MOS from UTMOS. Human reference audio scored at 4.22 MOS.
| Rank | Model | MOS ↑ | CER ↓ | Eval dataset |
|---|---|---|---|---|
| 1 | Gemini Pro TTS | 4.227 | 0.112 | [Trelis/tricky-tts-gemini-pro-tts](https://huggingface.co/datasets/Trelis/tricky-tts-gemini-pro-tts) |
| 2 | GPT-4o mini TTS | 4.330 | 0.121 | [Trelis/tricky-tts-gpt-4o-mini-tts](https://huggingface.co/datasets/Trelis/tricky-tts-gpt-4o-mini-tts) |
| 3 | Gemini Flash TTS | 4.184 | 0.122 | [Trelis/tricky-tts-gemini-flash-tts](https://huggingface.co/datasets/Trelis/tricky-tts-gemini-flash-tts) |
| 4 | ElevenLabs | 4.273 | 0.192 | [Trelis/tricky-tts-elevenlabs](https://huggingface.co/datasets/Trelis/tricky-tts-elevenlabs) |
| 5 | Kokoro | 4.511 | 0.209 | [Trelis/tricky-tts-kokoro](https://huggingface.co/datasets/Trelis/tricky-tts-kokoro) |
| 6 | Orpheus | 4.152 | 0.229 | [Trelis/tricky-tts-orpheus](https://huggingface.co/datasets/Trelis/tricky-tts-orpheus) |
| 7 | Cartesia Sonic-3 | 4.019 | 0.259 | [Trelis/tricky-tts-cartesia-sonic-3](https://huggingface.co/datasets/Trelis/tricky-tts-cartesia-sonic-3) |
| 8 | Piper (en-gb) | 3.777 | 0.323 | [Trelis/tricky-tts-piper-en-gb](https://huggingface.co/datasets/Trelis/tricky-tts-piper-en-gb) |
| 9 | Mistral Voxtral-Mini | 4.289 | 0.569 | [Trelis/tricky-tts-mistral](https://huggingface.co/datasets/Trelis/tricky-tts-mistral) |
| 10 | Chatterbox | 4.100 | 0.583 | [Trelis/tricky-tts-chatterbox](https://huggingface.co/datasets/Trelis/tricky-tts-chatterbox) |
## License
MIT
---
许可证:MIT
标签:
- 文本转语音(text-to-speech, TTS)
- 评估
- 基准测试
- 英语
语言:
- 英语
---
# 挑战性TTS基准数据集(Tricky TTS)
本数据集专为评估文本转语音(text-to-speech, TTS)模型而设计,聚焦于语言学与排版层面均具备挑战性的英语文本。
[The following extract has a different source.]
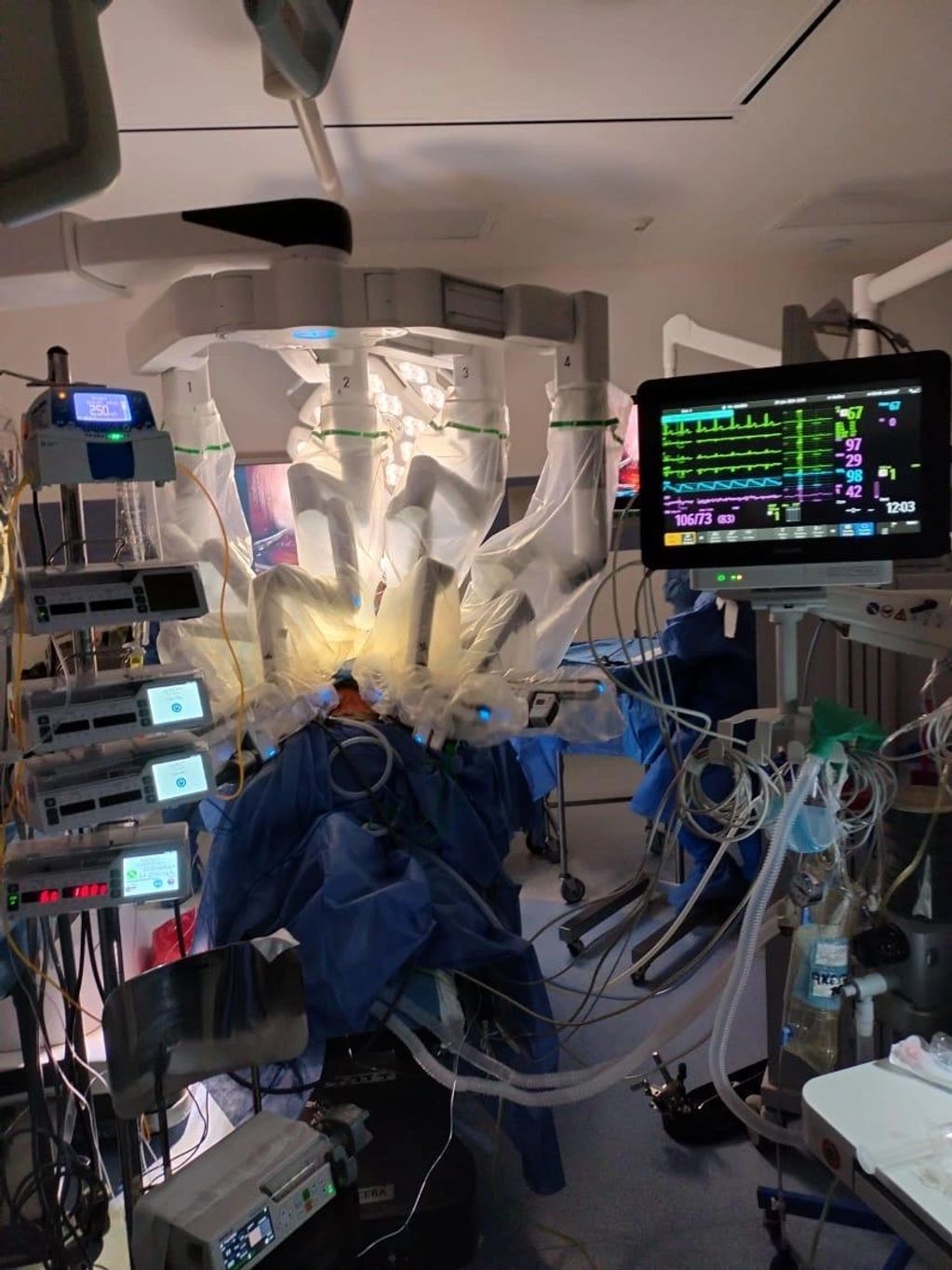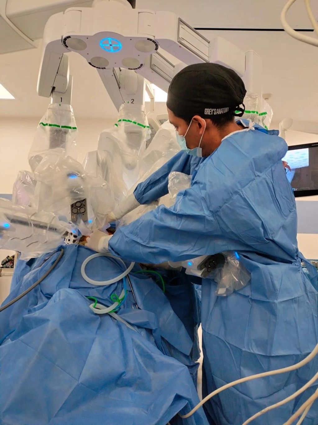 Este paciente requería la extracción completa del estomago debido al cáncer. La operación por métodos tradicionales era muy peligrosa y muy tardada la recuperación, así que se decidió emplear un robot llamado Da Vincci IX el cual no es tan invasivo ya que solo se hacen unos pequeños orificios donde los "brazos" del robot entren y el doctor a través de este pueda hacer el corto y todo lo necesario

每一条数据均旨在针对性施压测试某一类失效模式,以此区分性能优异与偏弱的TTS系统。
## 基于Trelis Studio构建
本次评估基于[Trelis Studio](https://studio.trelis.com)完成。如需定制语音模型开发服务,请参阅[Trelis语音人工智能服务](https://trelis.com/voice-ai-services/)。
## 评估方法
- **循环语音识别字符错误率(Round-trip ASR CER)**:TTS模型生成音频 → 经Whisper模型转写为文本 → 与人工参考文本对比计算字符错误率(CER)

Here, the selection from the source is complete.